I have a '06 Bowtech Allegiance 28inch draw, trophy shaker pronghorn rest, 350 maxima arrows cut at 27 inches with 100gr point. Can't seem to shoot bullet holes when paper tuning. I keep on getting a low left tear. What do I need to do to get this tuned in? EZE EYE center shot is true. Arrow is level and plumb. Cams are synched. Could the cable from the Trophy taker cause cam lean causing my lower left tear, hand torque, etc.? Now I shoot left handed.... Thanks in advance for your help.


----------



## taz69 (Dec 20, 2006)

*low left tear*

you could have a few problems nock point to low, timing, or tiller adjustment. You didn't say if the bow is grouping or not, my bow tears a little high when I shoot at paper, don't care because it groups very well.


----------



## ksdeerhunter1 (Dec 21, 2006)

It groups well at 20 yds. I didn't get a chance to try at 30 or 40 yds. Tiller is at 10 1/8 both side. The cams are at dot 5, outside bow limb. I'll try to raise the nock and see what it does. Thanks for the information.:smile:


----------



## eugene1e® (Sep 24, 2005)

You should have 6 dots showing outside of limbs


----------



## ksdeerhunter1 (Dec 21, 2006)

Eugene1e,

What do I do to get the 6th dot outside of limb. Increase control cable twist or decrease twists? Thanks,


----------



## eugene1e® (Sep 24, 2005)

Im thinking you need to twist the sting not cables


----------



## ksdeerhunter1 (Dec 21, 2006)

*Low Left Fixed!!!!*

I installed new strings and cables. Vapor Trail of course. I still had factory strings on when I was describing lower left tear post. Cycled with 25 shots, installed peep, twisted everthing to get 6 dots outside limbs, moved arrow rest out to the right 1/16 or tad more and raised nock a little. Shooting sweet. Walk back tuned to verify center shot and grouping.

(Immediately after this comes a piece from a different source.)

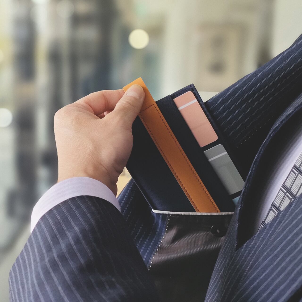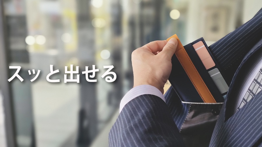 右利きの方はどうぞ「栞-ken-」をジャケットの右の内ポケットに収めてください。そして左手で「栞-ken-」を引き出し、右手で必要なカードを取り出してください。簡単な2ステップの所作で美しく目的のカードが取り出せます。(左利きの方は逆でお試しください。)

Shooting better than I thought it would. These are a lot easier than single cams to tune. Tried broadheads and feel good compared to field tip grouping. I really enjoy shooting this bow and like the new STRIKERS from G5 for hunting. Thanks for all the help in this thread and others I read to help out. AT is the place 2B.


----------